**PROVIDED DATA:**

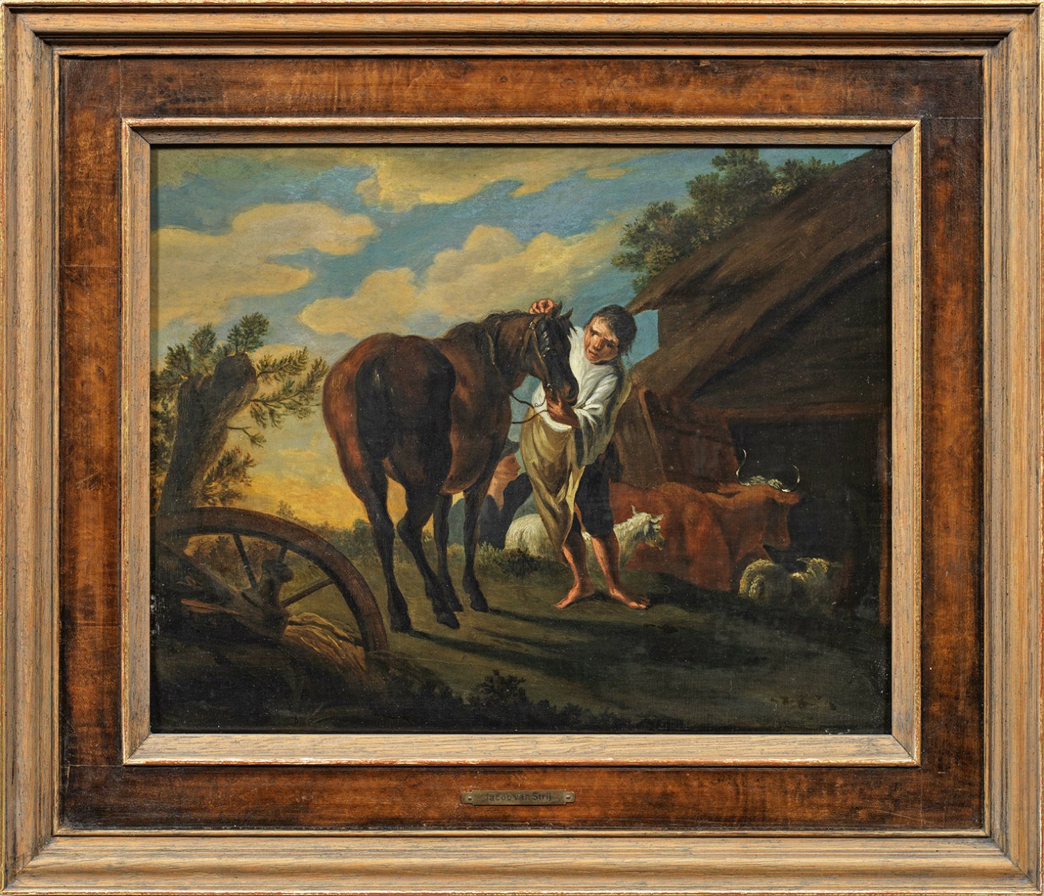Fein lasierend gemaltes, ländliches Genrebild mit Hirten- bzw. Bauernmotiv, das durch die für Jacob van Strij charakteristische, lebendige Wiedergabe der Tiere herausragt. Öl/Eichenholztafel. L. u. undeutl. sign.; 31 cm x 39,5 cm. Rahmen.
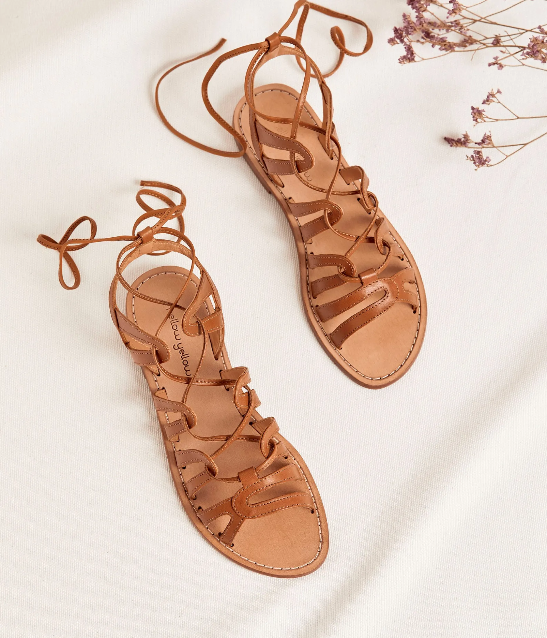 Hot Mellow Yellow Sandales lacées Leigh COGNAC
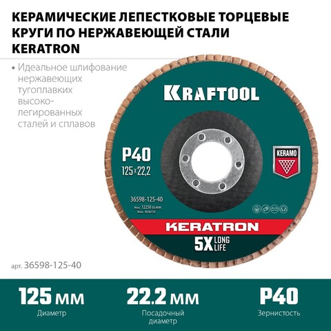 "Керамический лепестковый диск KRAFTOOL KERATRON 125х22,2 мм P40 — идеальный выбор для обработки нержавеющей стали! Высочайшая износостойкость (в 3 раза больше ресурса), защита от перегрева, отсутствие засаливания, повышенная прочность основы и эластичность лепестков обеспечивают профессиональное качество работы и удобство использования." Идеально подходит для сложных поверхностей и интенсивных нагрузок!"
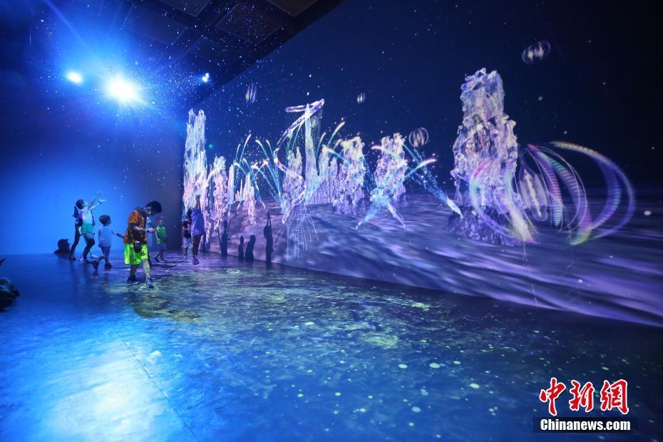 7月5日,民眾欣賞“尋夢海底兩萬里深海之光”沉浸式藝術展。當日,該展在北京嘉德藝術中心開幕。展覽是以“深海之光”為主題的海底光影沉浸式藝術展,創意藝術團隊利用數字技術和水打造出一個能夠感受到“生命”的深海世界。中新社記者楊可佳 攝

**TASK DIRECTIONS:**
Could you return the whole listing exactly, images excluded?

**SOLUTION FOR THIS TASK:**
Fein lasierend gemaltes, ländliches Genrebild mit Hirten- bzw. Bauernmotiv, das durch die für Jacob van Strij charakteristische, lebendige Wiedergabe der Tiere herausragt. Öl/Eichenholztafel. L. u. undeutl. sign.; 31 cm x 39,5 cm. Rahmen.
 Hot Mellow Yellow Sandales lacées Leigh COGNAC
 "Керамический лепестковый диск KRAFTOOL KERATRON 125х22,2 мм P40 — идеальный выбор для обработки нержавеющей стали! Высочайшая износостойкость (в 3 раза больше ресурса), защита от перегрева, отсутствие засаливания, повышенная прочность основы и эластичность лепестков обеспечивают профессиональное качество работы и удобство использования." Идеально подходит для сложных поверхностей и интенсивных нагрузок!"
 7月5日,民眾欣賞“尋夢海底兩萬里深海之光”沉浸式藝術展。當日,該展在北京嘉德藝術中心開幕。展覽是以“深海之光”為主題的海底光影沉浸式藝術展,創意藝術團隊利用數字技術和水打造出一個能夠感受到“生命”的深海世界。中新社記者楊可佳 攝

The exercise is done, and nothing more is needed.